What did that science teacher say bile was made of, and what did he think bone marrow did,I wonder?

Leg-iron said...

Ed P and Slamlander - oh, candles are the new anthrax...

Anonymous said...

Well I most certainly didn't know that :)

However, if you are looking for a use for tobacco stalks, do you know anyone with a pigeon loft?

Tobacco stalks

"Tobacco Stalks – What many fanciers consider to be the ideal nest material, enhancing the breeding results. Provides a soft natural bed for baby birds. Parasites stay away. A natural product that is easy to use. Also ideally suited as floor covering in baskets."

Trouble is, instinct being a wonderful thing, the birds seem to know that too.

The sparrow that turned a village shop into an ashtray after taking a lit cigarette to its nest

"When the village store went up in flames, owner Paul Sheriff was at a loss to explain how it had happened.

But eventually a little bird told him the truth.

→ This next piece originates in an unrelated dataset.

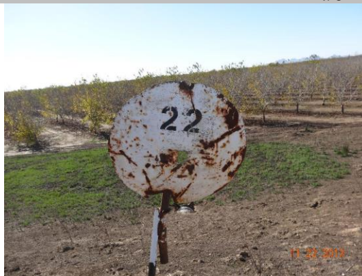
Marker visible on waterward shoulder, crossing referenced as No. 22.

Insurance investigators concluded that a sparrow must have picked up a smouldering cigarette butt and deposited it among the dry twigs of its nest under the eaves.

The resulting conflagration caused £250,000 of damage at Crescent Stores in Leasingham, near Sleaford, Lincolnshire

Initial investigations found no gas or electrical faults, but 35 cigarette ends were eventually found in various sparrows’ nests in the roof."

Commuters in a flap as rooks take up smoking

"Birds are picking up discarded cigarette butts at a railway station and using the smoke to fumigate their wings of parasites, experts said"
"The rooks have been seen swooping on to the platform and tracks at Exeter St David’s in Devon to collect fag ends.
Commuters have watched as the birds place their wings over the smoke – collecting the fumes underneath."

A useful service ruined by the smoking ban.